→ **Work task**
Leaving the pictures out, transcribe the records below exactly.

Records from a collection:
* * *

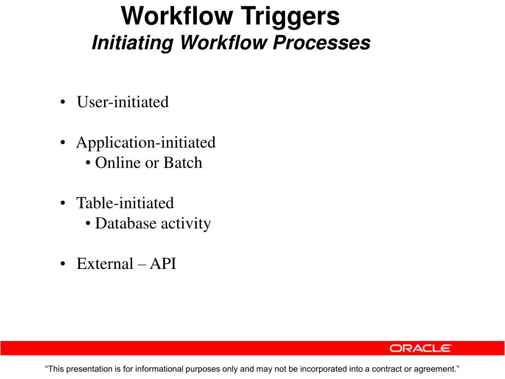 Workflow TriggersInitiating Workflow Processes • User-initiated • Application-initiated • Online or Batch • Table-initiated • Database activity • External – API
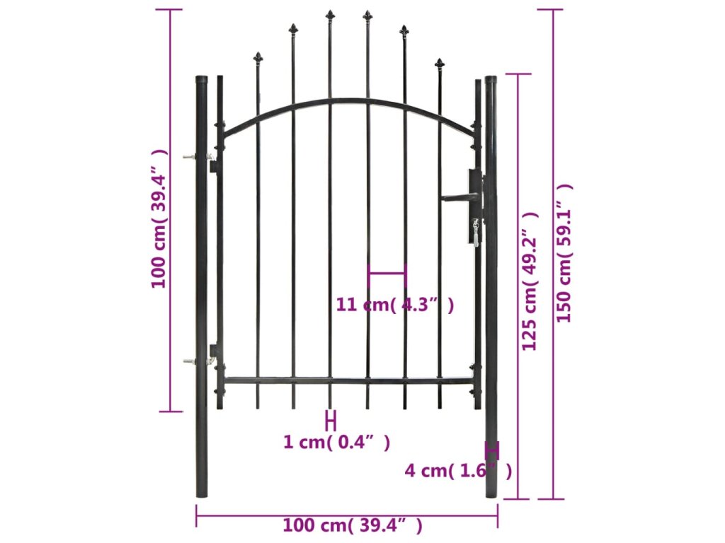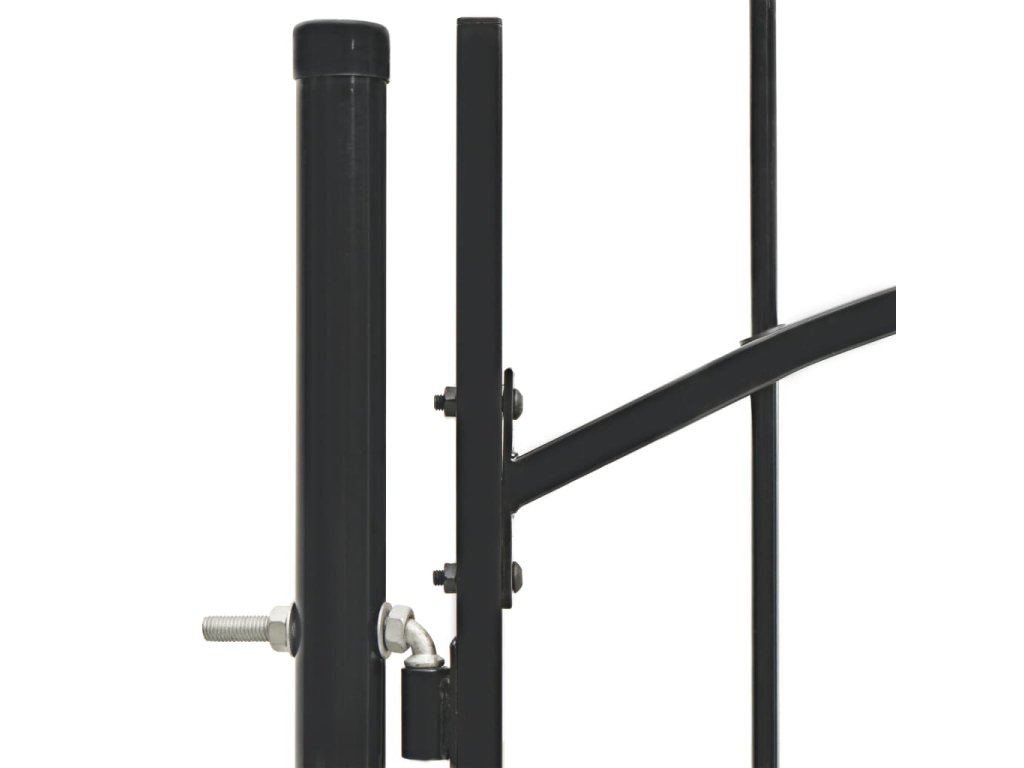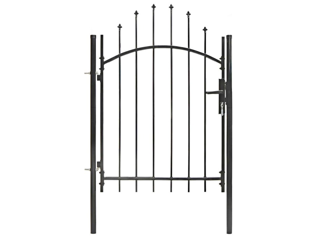 Vrchná časť záhradnej brány má elegantný zaoblený dizajn a vďaka pevným vodorovným oporným tyčiam na spevnenie rámu brána poskytuje optimálnu bezpečnosť a súkromie, a zároveň vytvára pôsobivý vstup na pozemok. Brána je vyrobená z pevnej ocele s práškovou povrchovou úpravou, ktorá je odolná voči hrdzi a korózii. Plotová brána je vybavená uzamykacím systémom a dodáva sa spolu s dvoma pevnými stĺpikmi a robustnými pántmi pre jednoduchú inštaláciu.
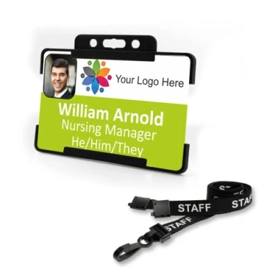 Badgemaster Multi Coloured Personalised Your Logo Business Professional Photo ID Black Rigid Card Holder and Staff Lanyard CR80 (Lime)
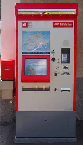 Zahlungsmöglichkeiten: CH- und EUR-Bargeld (Noten bis CHF 200/EUR 200), Kreditkarten, Postcard, Reka-Checques, Reka-Rail. Automat gibt Retourgeld (bis CHF 99.90) auch in CH-Noten aus.
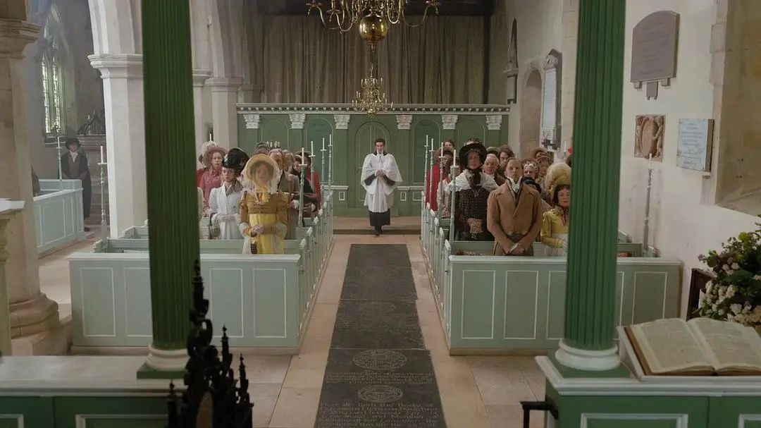 在电影开头出现的奈特利先生换装的全部场景,在将近两分钟的时间内,奈特利从脱下骑马的装束到穿上会客的正装,一件件将衣物展示给观众,结构分明且具有时代特性,可以成为观众了解19世纪初期英国乡绅阶级着装的切入点。
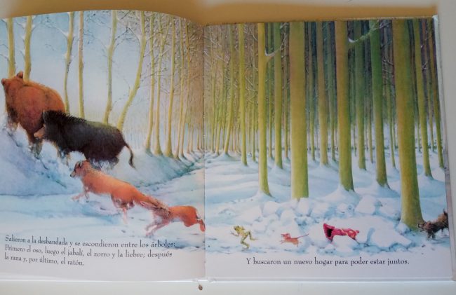Pero el leñador se da cuenta de que ha perdido un guante, le dice al perro que lo busque y, cuando la encuentra llena de animales, se pone a ladrar para avisar al hombre de que lo ha encontrado. Al darse cuenta de lo que sucede, todos los animales que estaban en el guante, salen para encontrar un nuevo hogar donde protegerse del frío invierno TODOS JUNTOS.
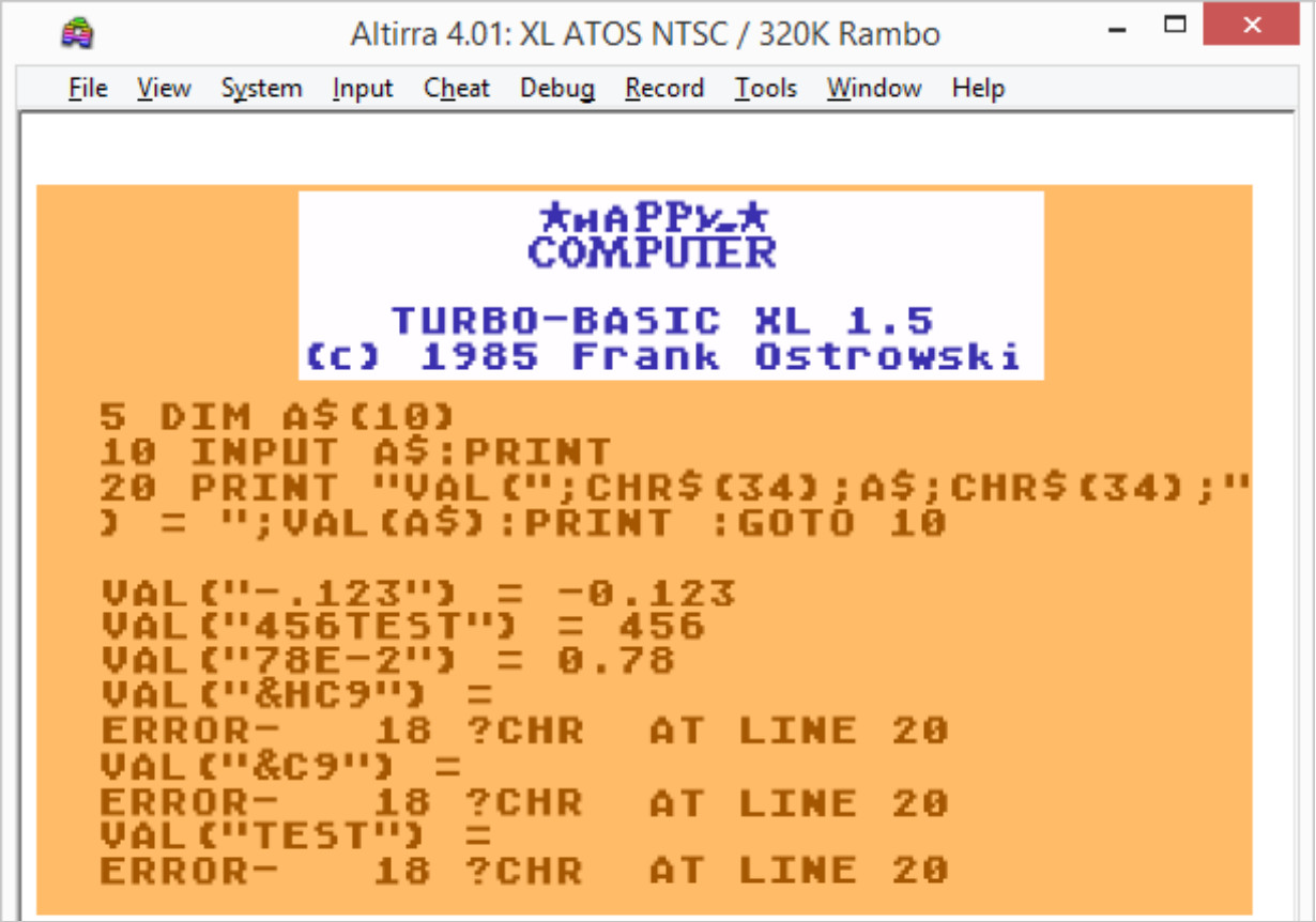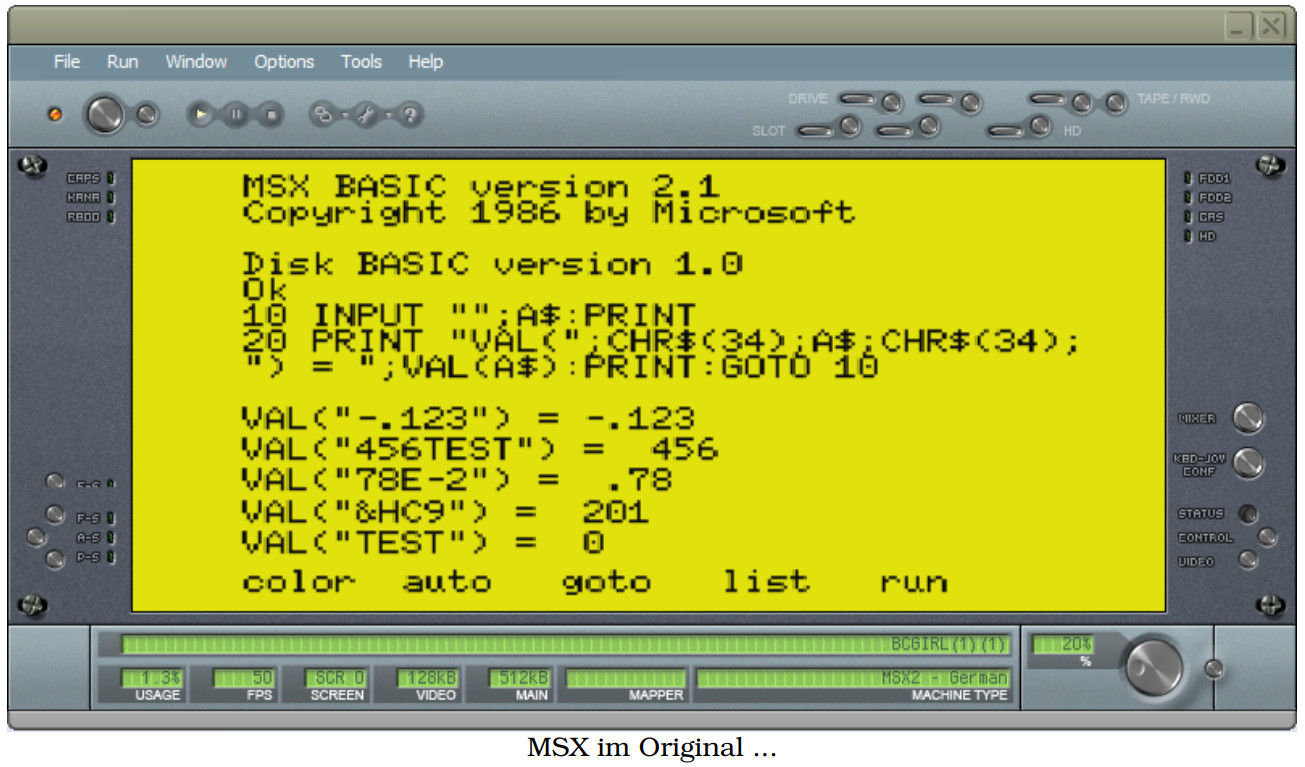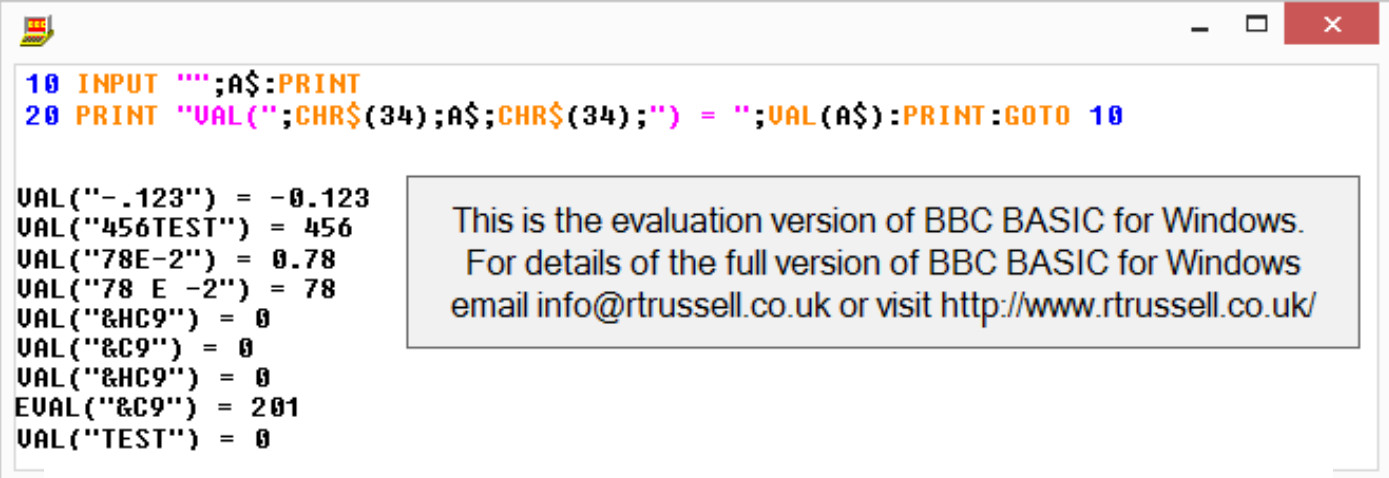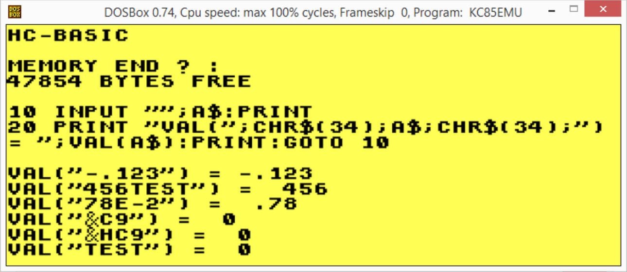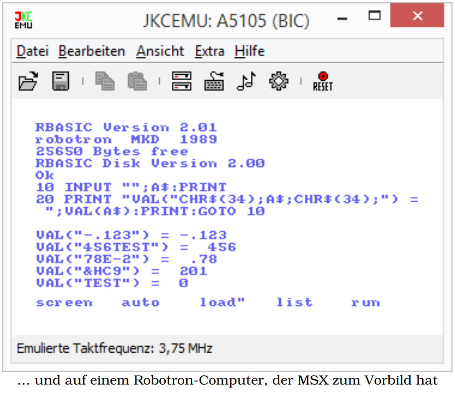 Beispiele: A$= "1.4E6": A=VAL (A$) nach Ablauf ist A=1,4E6

* * *

→ **Solution to the problem**
 Workflow TriggersInitiating Workflow Processes • User-initiated • Application-initiated • Online or Batch • Table-initiated • Database activity • External – API
 Vrchná časť záhradnej brány má elegantný zaoblený dizajn a vďaka pevným vodorovným oporným tyčiam na spevnenie rámu brána poskytuje optimálnu bezpečnosť a súkromie, a zároveň vytvára pôsobivý vstup na pozemok. Brána je vyrobená z pevnej ocele s práškovou povrchovou úpravou, ktorá je odolná voči hrdzi a korózii. Plotová brána je vybavená uzamykacím systémom a dodáva sa spolu s dvoma pevnými stĺpikmi a robustnými pántmi pre jednoduchú inštaláciu.
 Badgemaster Multi Coloured Personalised Your Logo Business Professional Photo ID Black Rigid Card Holder and Staff Lanyard CR80 (Lime)
 Zahlungsmöglichkeiten: CH- und EUR-Bargeld (Noten bis CHF 200/EUR 200), Kreditkarten, Postcard, Reka-Checques, Reka-Rail. Automat gibt Retourgeld (bis CHF 99.90) auch in CH-Noten aus.
 在电影开头出现的奈特利先生换装的全部场景,在将近两分钟的时间内,奈特利从脱下骑马的装束到穿上会客的正装,一件件将衣物展示给观众,结构分明且具有时代特性,可以成为观众了解19世纪初期英国乡绅阶级着装的切入点。
Pero el leñador se da cuenta de que ha perdido un guante, le dice al perro que lo busque y, cuando la encuentra llena de animales, se pone a ladrar para avisar al hombre de que lo ha encontrado. Al darse cuenta de lo que sucede, todos los animales que estaban en el guante, salen para encontrar un nuevo hogar donde protegerse del frío invierno TODOS JUNTOS.
 Beispiele: A$= "1.4E6": A=VAL (A$) nach Ablauf ist A=1,4E6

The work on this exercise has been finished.